Material for this exercise:
□ □ □ □

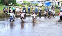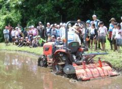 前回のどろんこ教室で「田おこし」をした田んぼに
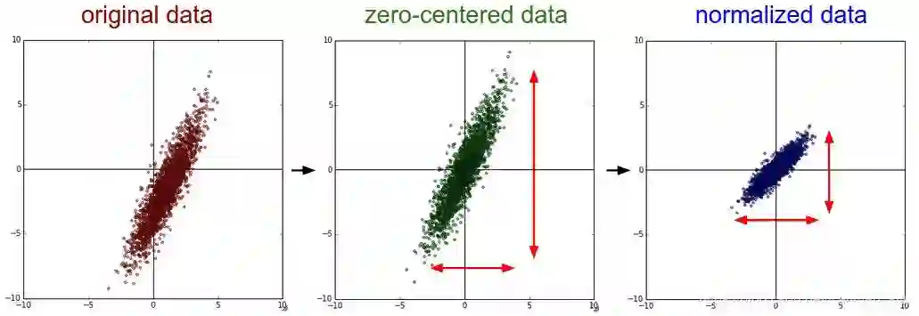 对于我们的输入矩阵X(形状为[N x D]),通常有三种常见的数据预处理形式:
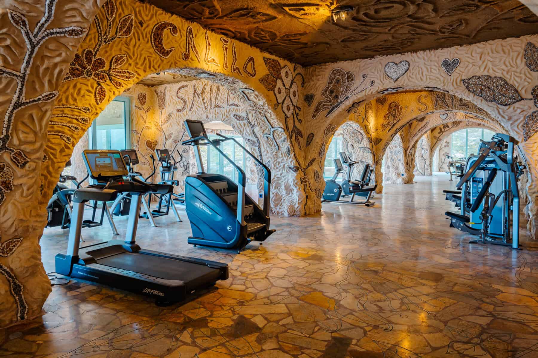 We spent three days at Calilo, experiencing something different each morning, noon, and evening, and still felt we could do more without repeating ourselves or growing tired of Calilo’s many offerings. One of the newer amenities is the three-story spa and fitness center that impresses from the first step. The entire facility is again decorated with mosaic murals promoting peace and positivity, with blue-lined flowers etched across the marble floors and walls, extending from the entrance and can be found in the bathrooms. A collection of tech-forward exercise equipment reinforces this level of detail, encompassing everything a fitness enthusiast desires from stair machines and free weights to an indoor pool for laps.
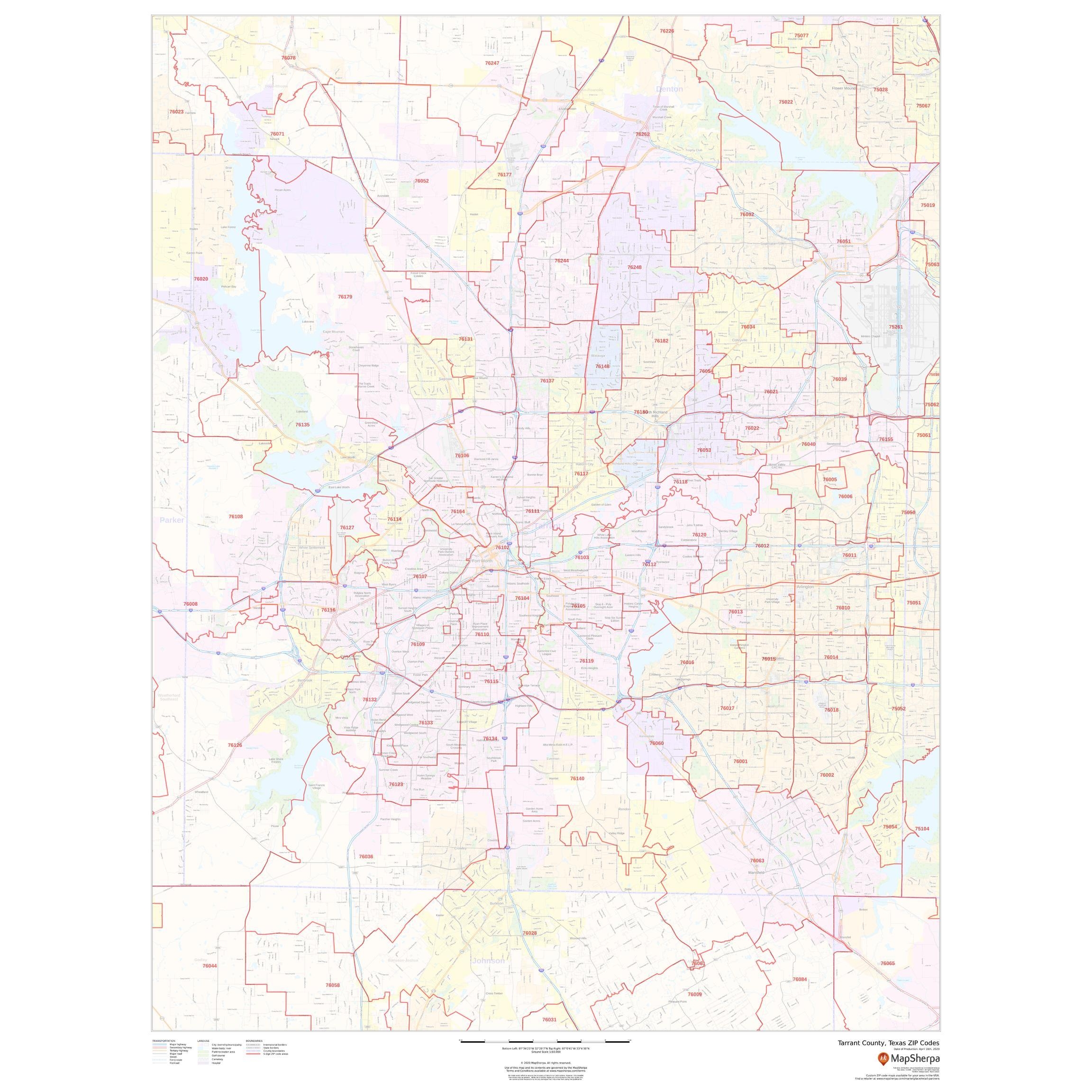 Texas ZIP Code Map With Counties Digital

□ □ □ □

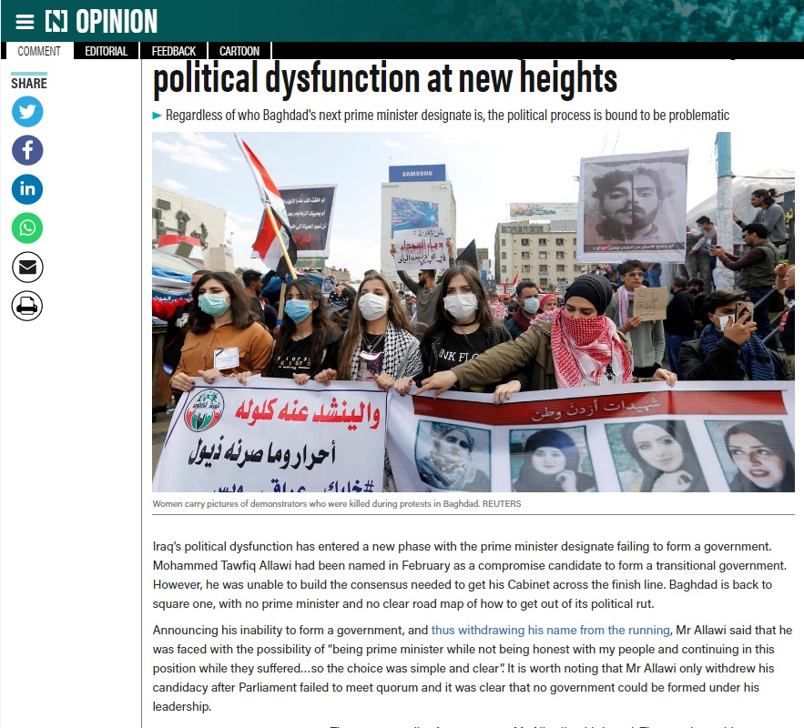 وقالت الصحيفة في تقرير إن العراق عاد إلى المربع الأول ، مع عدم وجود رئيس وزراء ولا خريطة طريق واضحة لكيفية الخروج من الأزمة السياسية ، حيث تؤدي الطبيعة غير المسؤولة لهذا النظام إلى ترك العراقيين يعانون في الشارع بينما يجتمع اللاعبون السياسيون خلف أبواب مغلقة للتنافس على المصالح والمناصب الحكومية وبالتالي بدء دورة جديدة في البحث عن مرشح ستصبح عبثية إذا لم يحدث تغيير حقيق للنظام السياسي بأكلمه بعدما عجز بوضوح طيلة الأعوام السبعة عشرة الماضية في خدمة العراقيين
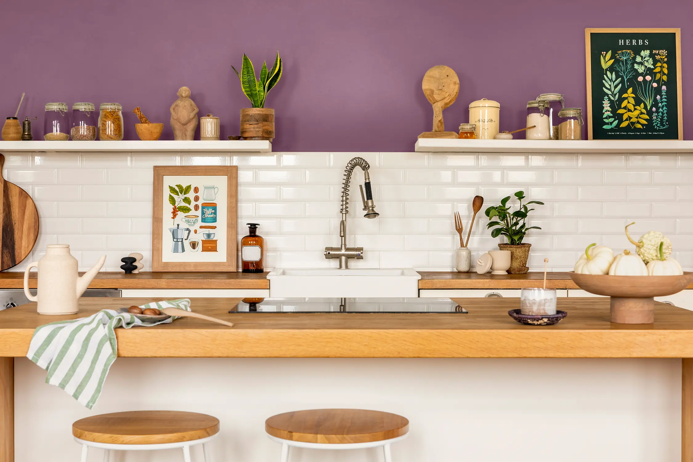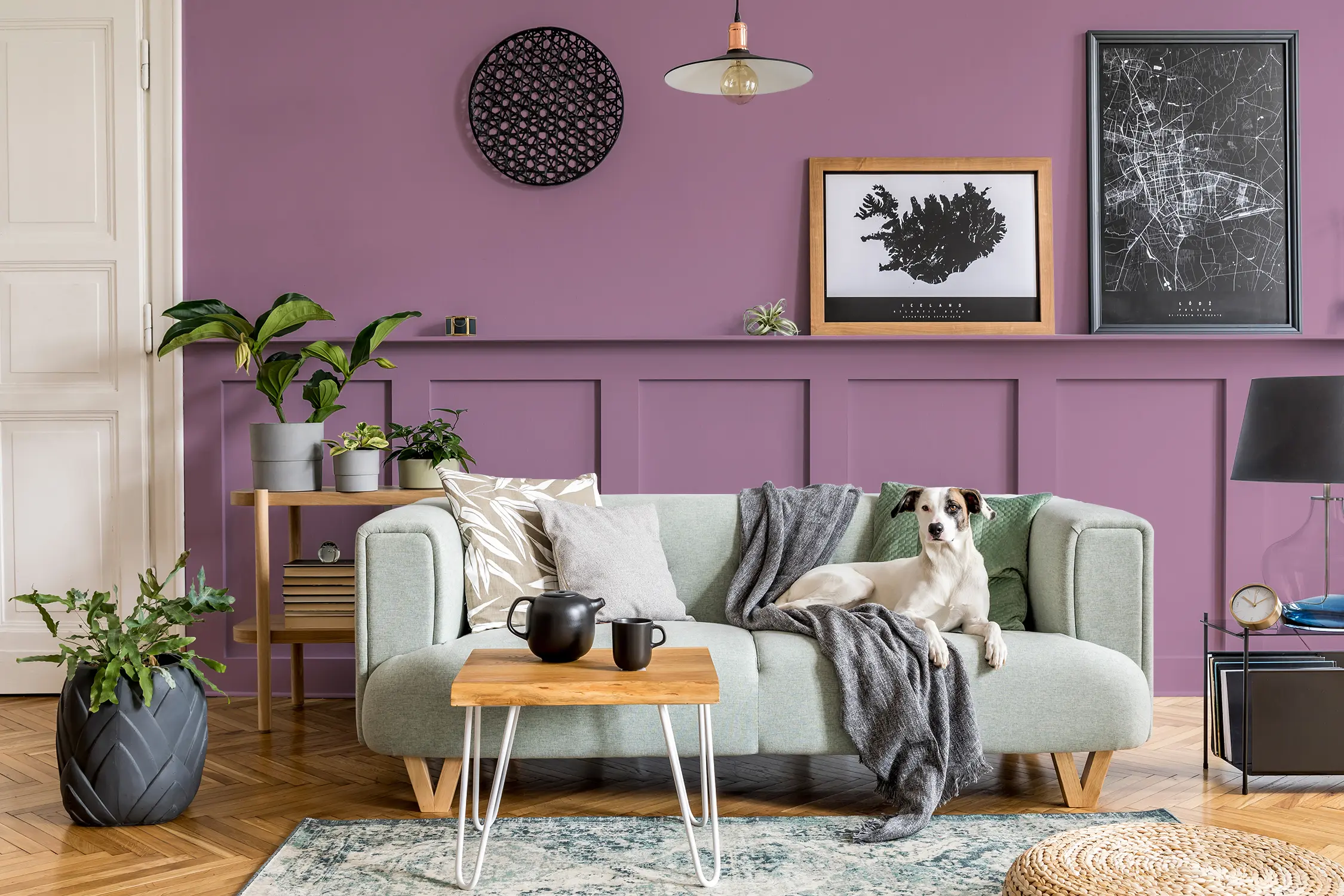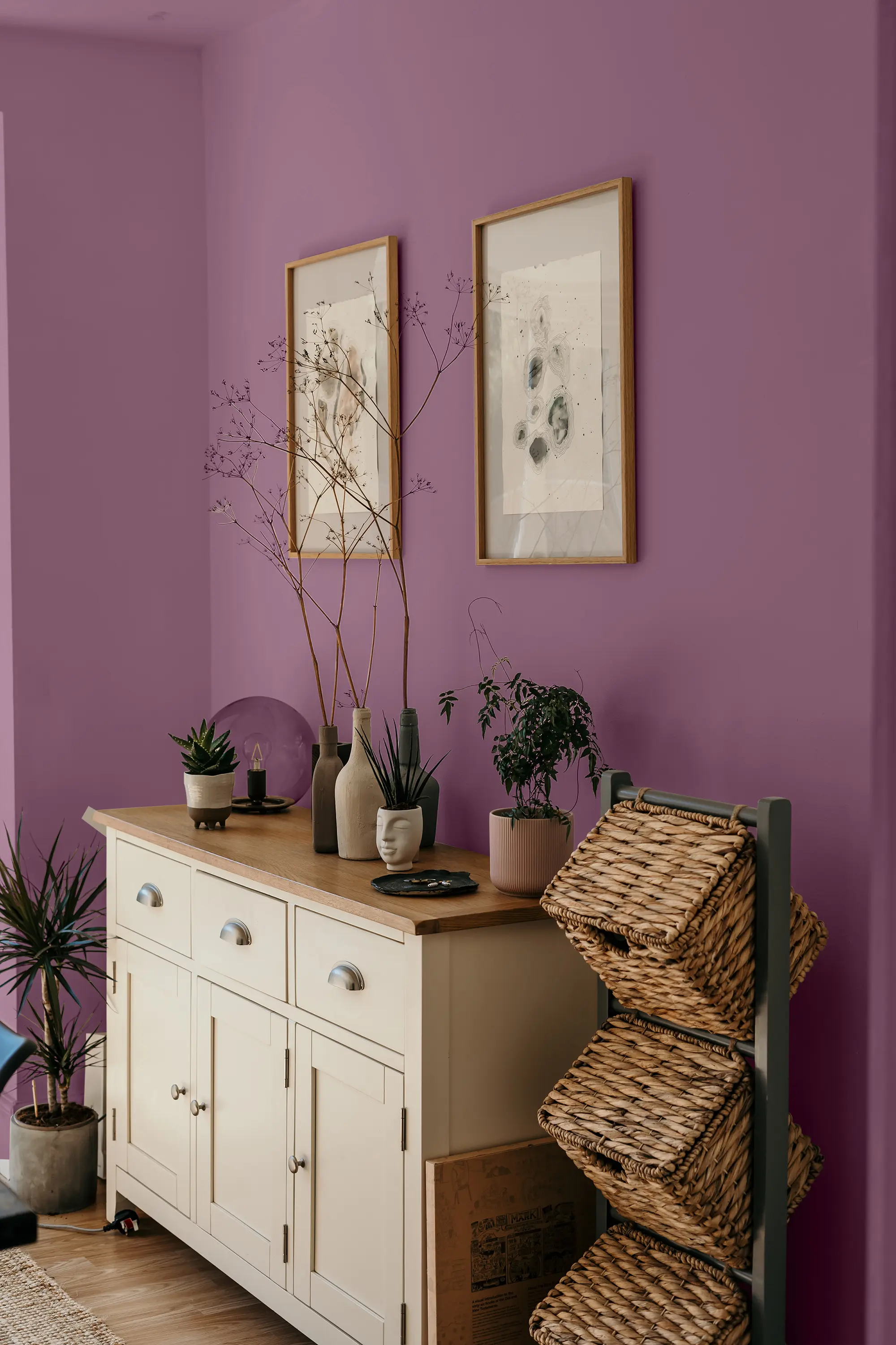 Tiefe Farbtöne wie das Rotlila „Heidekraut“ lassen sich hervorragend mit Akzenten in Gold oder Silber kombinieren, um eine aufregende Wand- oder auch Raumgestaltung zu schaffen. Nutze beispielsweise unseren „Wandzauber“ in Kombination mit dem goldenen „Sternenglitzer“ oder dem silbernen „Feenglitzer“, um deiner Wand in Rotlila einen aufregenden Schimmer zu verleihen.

□ □ □ □

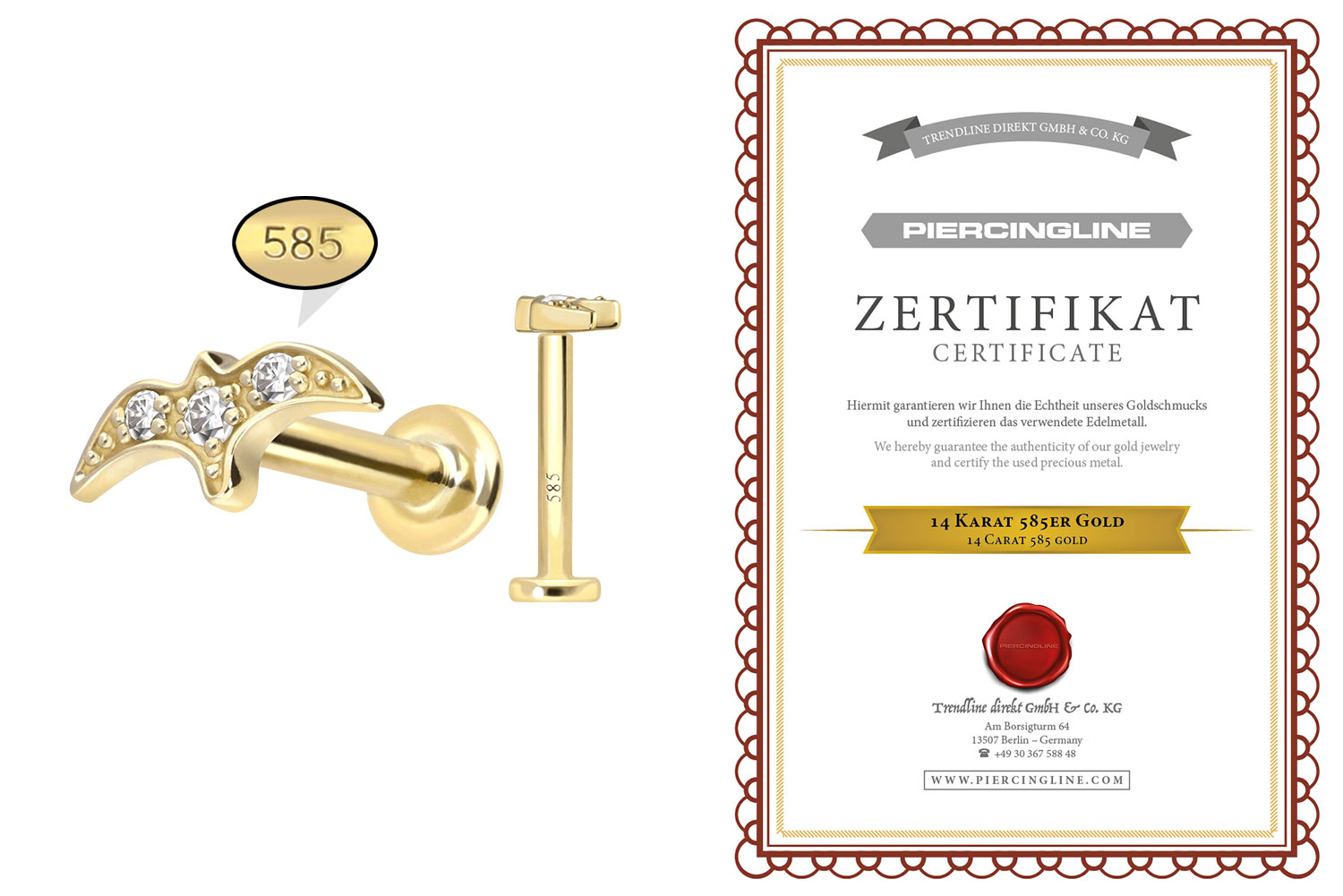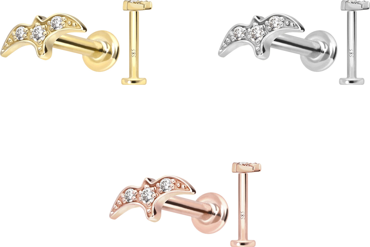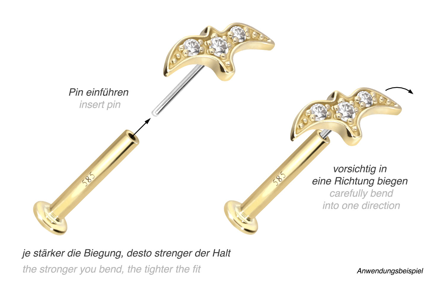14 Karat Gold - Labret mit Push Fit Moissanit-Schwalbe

□ □ □ □

Activity:
I'd like the lines above repeated exactly, from the one that contains "前回のどろんこ教室で「田おこし」をした田んぼに" through the one that contains "Texas ZIP Code Map With Counties Digital", with no pictures.

Answer space:
 前回のどろんこ教室で「田おこし」をした田んぼに
 对于我们的输入矩阵X(形状为[N x D]),通常有三种常见的数据预处理形式:
 We spent three days at Calilo, experiencing something different each morning, noon, and evening, and still felt we could do more without repeating ourselves or growing tired of Calilo’s many offerings. One of the newer amenities is the three-story spa and fitness center that impresses from the first step. The entire facility is again decorated with mosaic murals promoting peace and positivity, with blue-lined flowers etched across the marble floors and walls, extending from the entrance and can be found in the bathrooms. A collection of tech-forward exercise equipment reinforces this level of detail, encompassing everything a fitness enthusiast desires from stair machines and free weights to an indoor pool for laps.
 Texas ZIP Code Map With Counties Digital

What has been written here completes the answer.